Another set of challenges is found in the technical aspects of ontology implementation. Many LIMS, ELNs, and other data management platforms offer ontology tools that make it easier to integrate with existing ontologies. These could include:
- Commercial or open-source software tools for ontology management and integration
- Exchange–Transform–Load (ETL) tools
- Data modeling and mapping strategies
- Semantic web technologies (e.g., RDF, OWL)
Despite these challenges, ontology adoption is slowly increasing. The Industrial Ontologies Foundry, Open Biological and Biomedical Ontology (OBO) Foundry, and the development of more user-friendly tools like the Allotrope Simple Model or the U.S. Pharmacopoeia’s work on standardized nomenclature are removing some of these barriers. As the volume and complexity of scientific data increase, the need for effective knowledge representation and integration solutions like ontologies will likely drive further adoption.

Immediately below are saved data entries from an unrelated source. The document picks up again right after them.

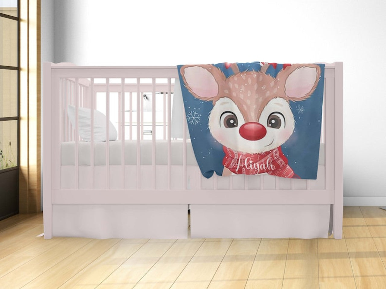 FUNSTUFFPRINT Custom Baby Reindeer Blanket, Christmas Nursery Blanket, Xmas Baby Blanket, Winter Holiday Christmas Gift, Baby Shower Gift, Kids Name Blanket
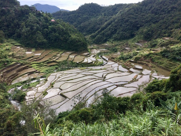 Nous partons donc et il faut dire que c’est encore plus beau que les terrasses de Batad! Elles sont toutes plantées dans une vallée a pente douce et il n’y a pratiquement aucun touriste. Les explications données sont intéressantes et les sources chaudes sont superbes! Un petit bassin naturel d’eau souffrée avec la rivière transparente à côté pour se rafraîchir, le rêve! Nous repartons tout revigorés.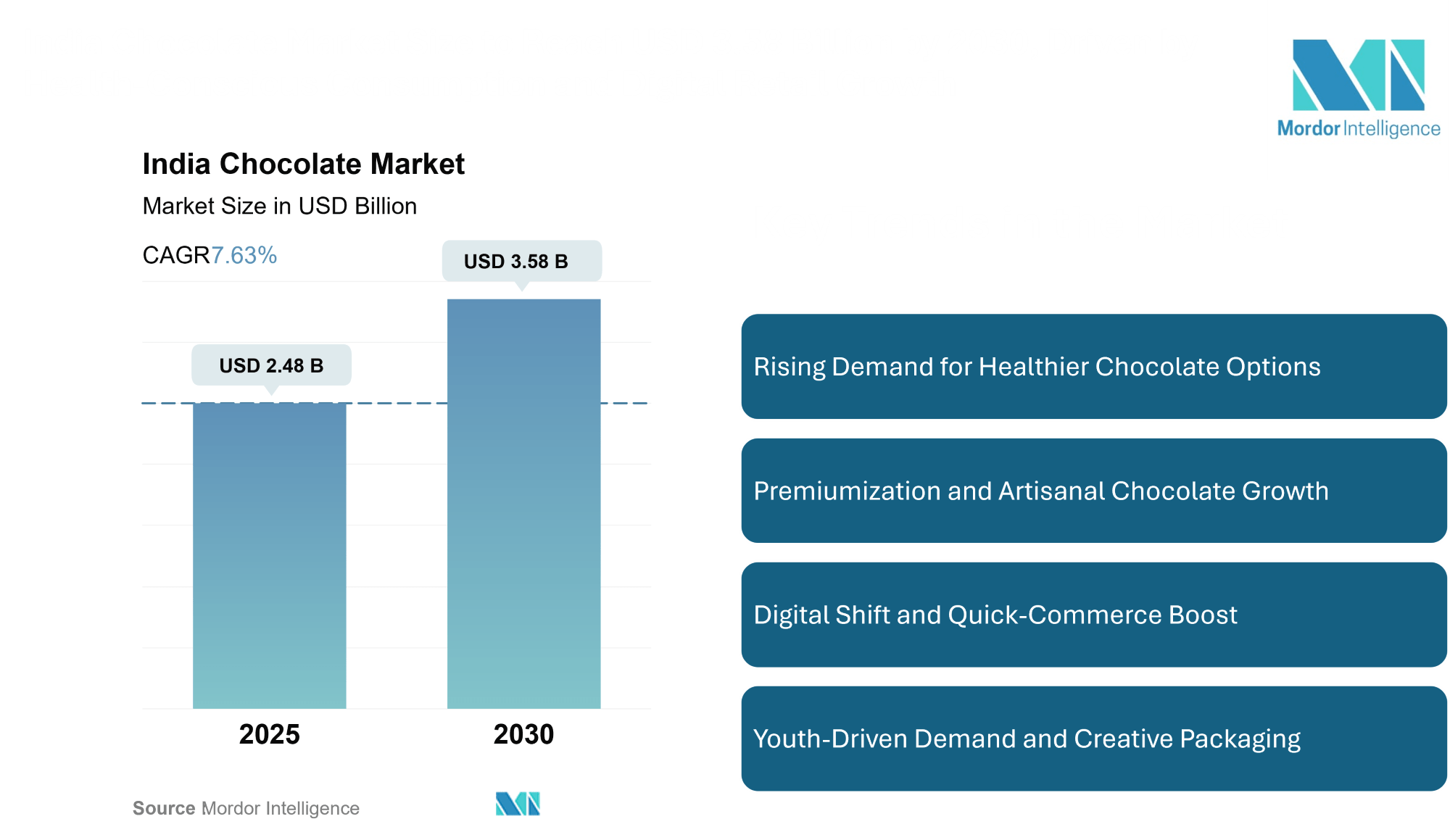 According to a 2025 report on the India Chocolate Market by Mordor Intelligence, the India Chocolate Market Size is projected to grow from USD 2.48 billion in 2025 to USD 3.58 billion by 2030, registering a CAGR of 7.63%. Rising disposable income, evolving consumer preferences, and greater awareness around health and nutrition are reshaping how Indians consume chocolate.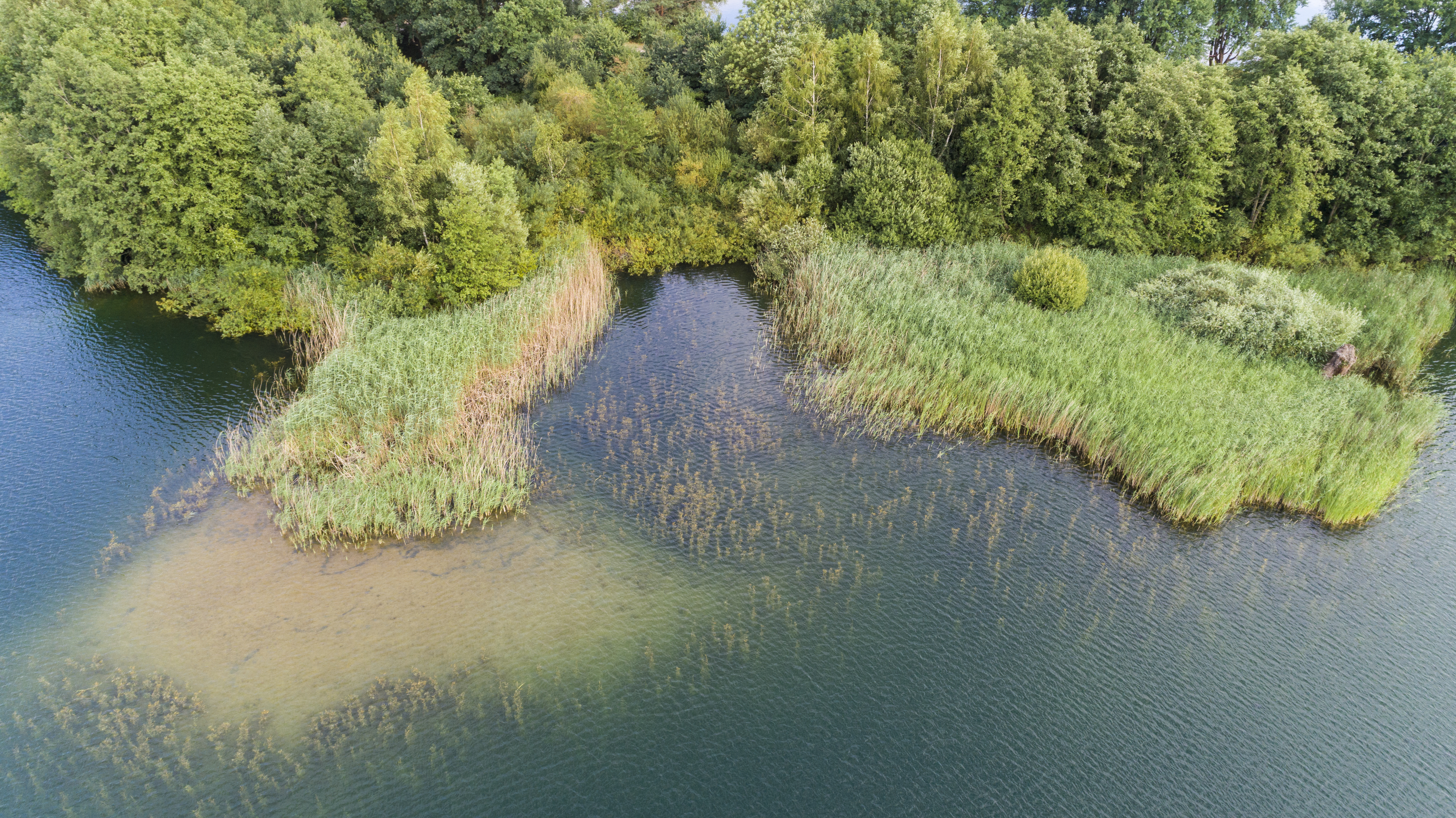 Flachwasserzone, die nach 16 Monaten nach der Entstehung mit Wasserpflanzen besiedelt ist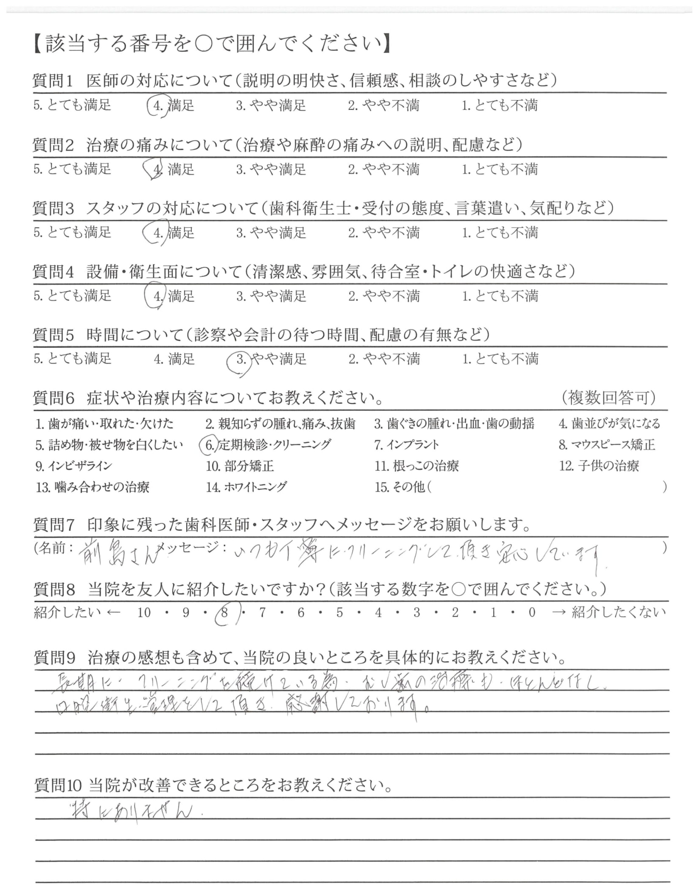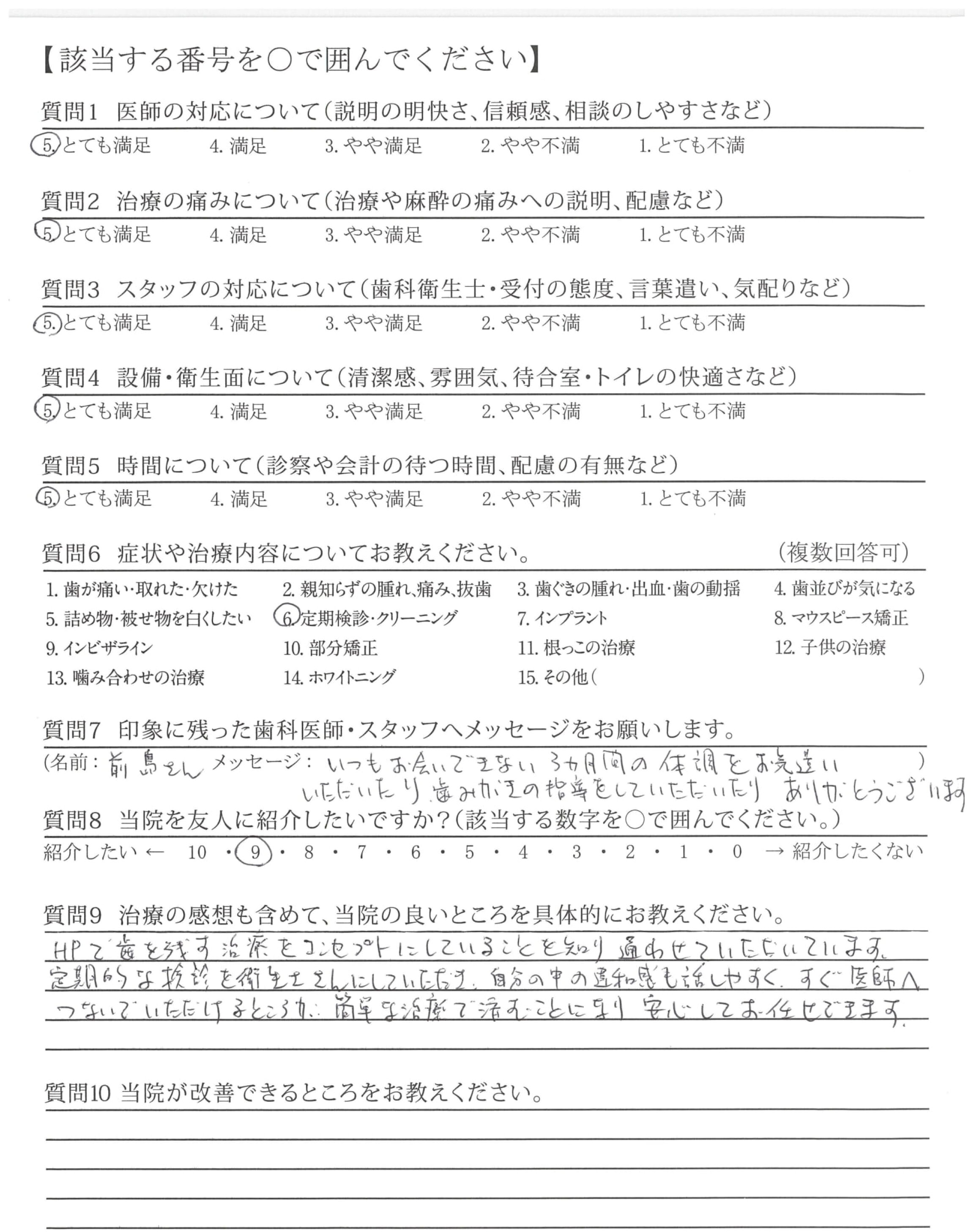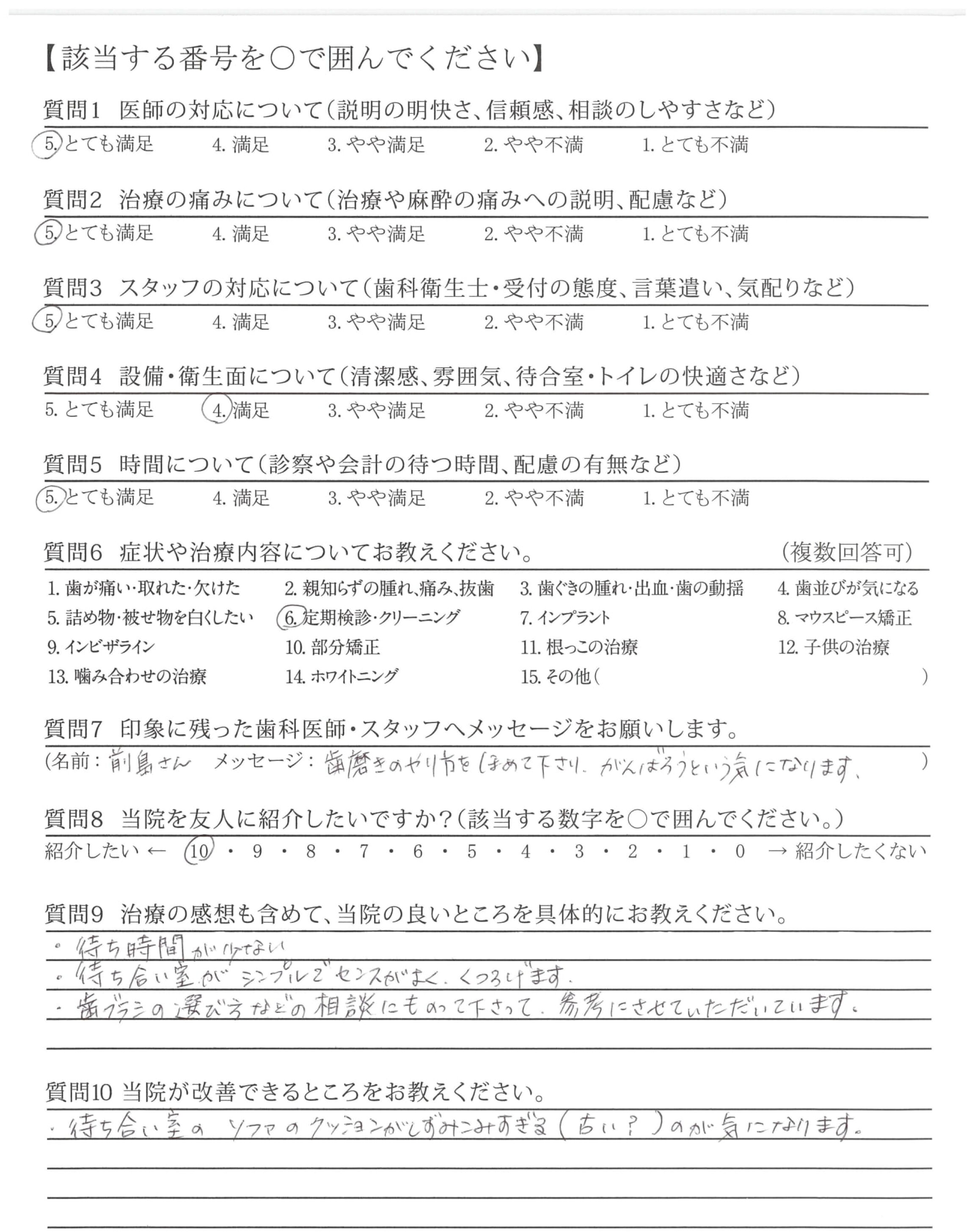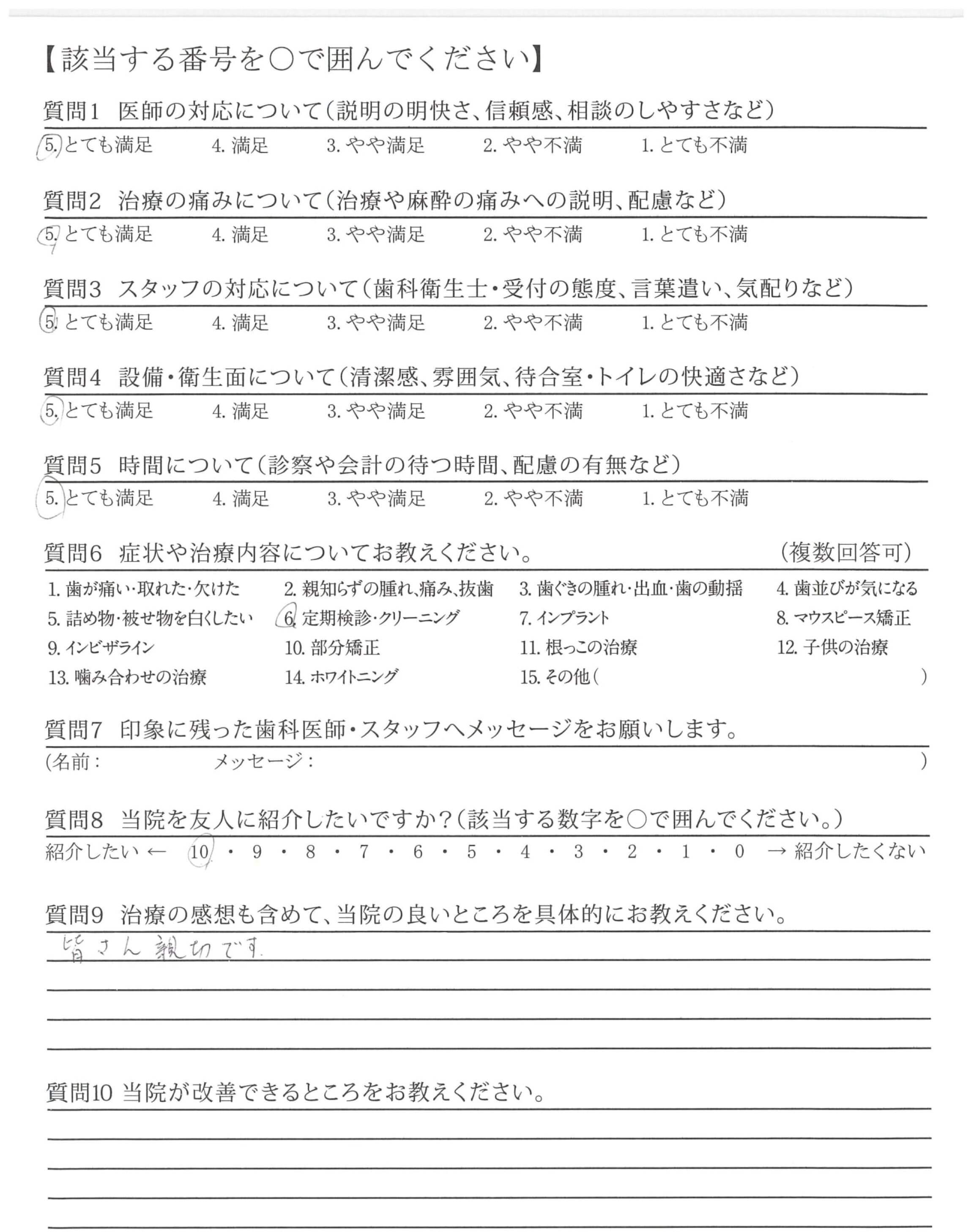 いつも丁寧な歯科クリーニングをしていただきありがとうございます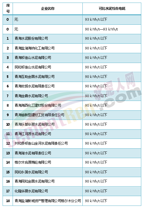 青海省水泥企業(yè)(含粉磨站)2016年度電耗核定結(jié)果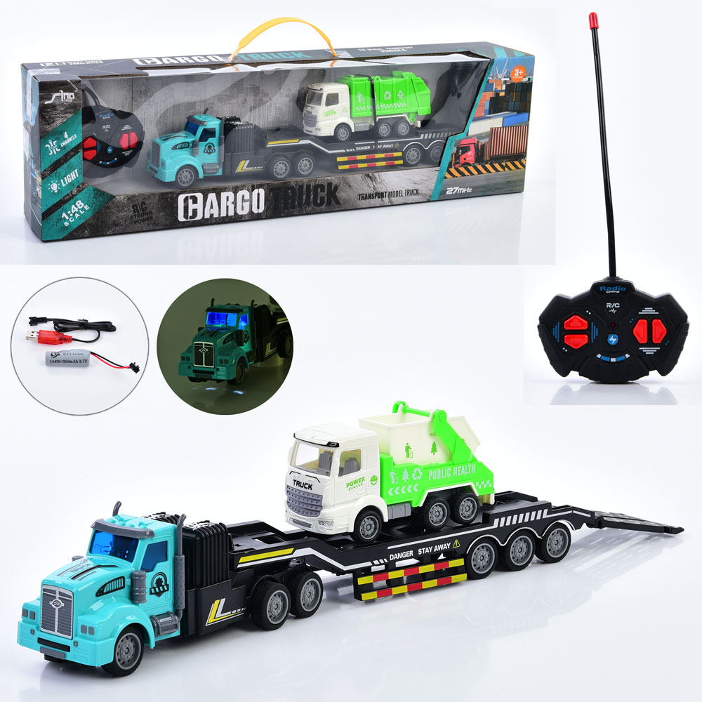 Трейлер QH200-15 (18шт) р/к, акум, 36см, 1:48, світло, гумові колеса, сміттєвоз, USBзарядне, 2 види,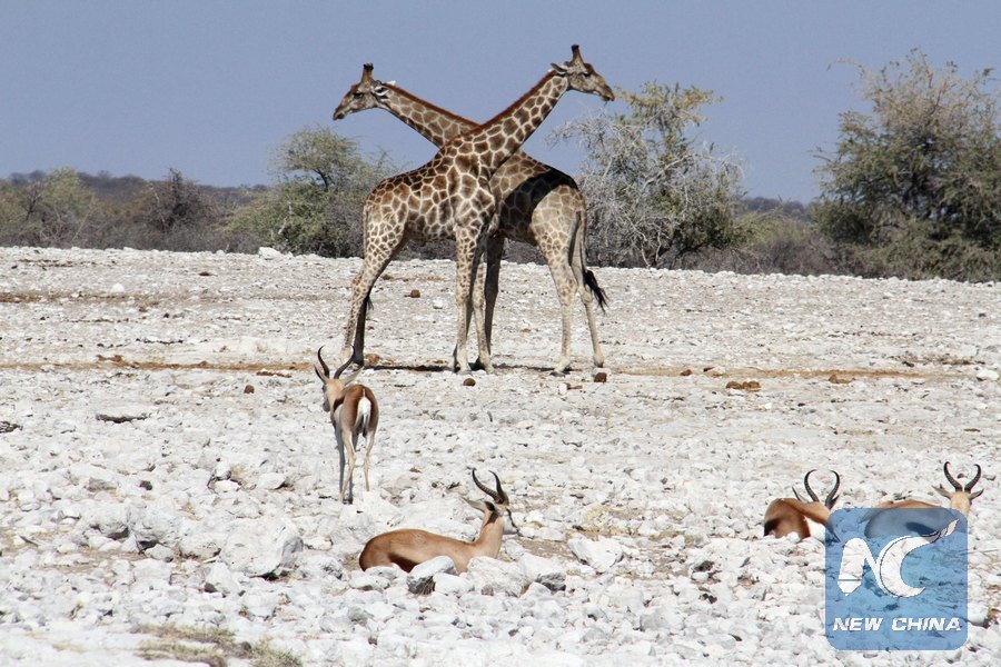 Giraffes and steenboks are seen at the Etosha National Park, northwestern Namibia, July 30, 2016. (Xinhua/Wu Changwei)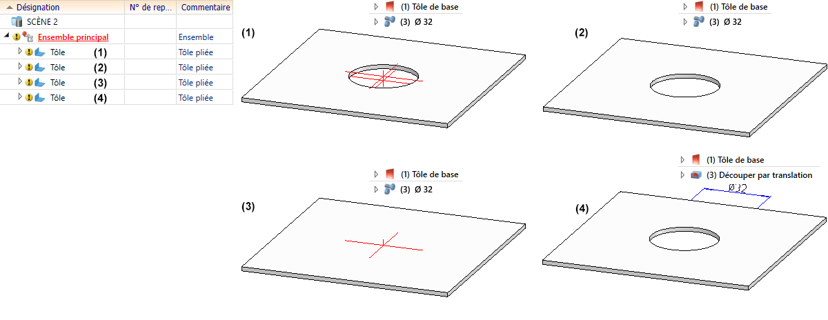 , le perçage 4 avec la fonction Découper l'élément, avec translation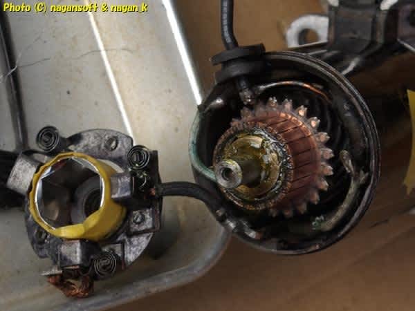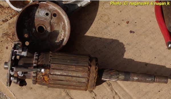 見てのとおりです。これがヤフオクで「動作品」として売られていたセルモーターですよ。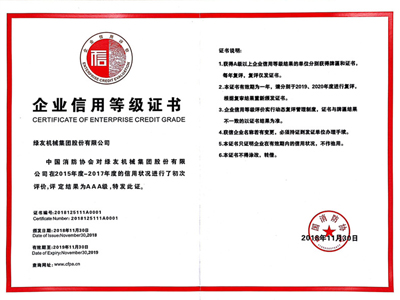 11月30日,綠友集團(tuán)被中國消防協(xié)會評定為AAA信用等級企業(yè)。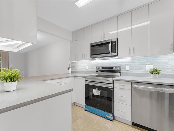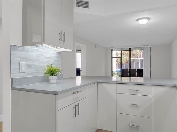 This beautifully remodeled first-floor 2 bedroom/ 2 bathroom condo is move-in ready and checks all the boxes! All ages, pets ok, no credit score, gated community, just minutes from the beach, major highways, and shopping. Experience the attention to detail throughout. The home features a brand-new, custom-designed kitchen, equipped with high-end stainless -steel appliances, perfect for both everyday living and entertaining. The air conditioning system, including all ducts, has been completely reinstalled to ensure optimal cooling and airflow year-round. Primary bedroom has an extra closet. You'll also appreciate the new flooring, fresh paint throughout, and a modern, energy-efficient tankless water heater. sewage, trash, water, pool, gym, jacuzzi, and sauna is included in the rent.

Future directions in data standardization
Ontologies are a logical next step in the continuous evolution of laboratory informatics and data management. As AI and ML adoption drive innovation in unexpected ways, having a flexible ontology to categorize serendipitous discoveries will be invaluable.
The ideal future state of laboratory data standardization enabled by ontologies encompasses several aspects, including:
- Seamless data exchange and integration across labs and institutions
- Widespread adoption of FAIR data principles
- Fully automated data analysis and knowledge discovery
- Accelerated scientific breakthroughs
Ontologies move laboratory data beyond silos into a rich, interconnected, and semantically consistent ecosystem. This transformation is vital for modern laboratory informatics. It enables the automated, large-scale data analysis required for meaningful scientific discoveries in the face of ever-expanding data sets.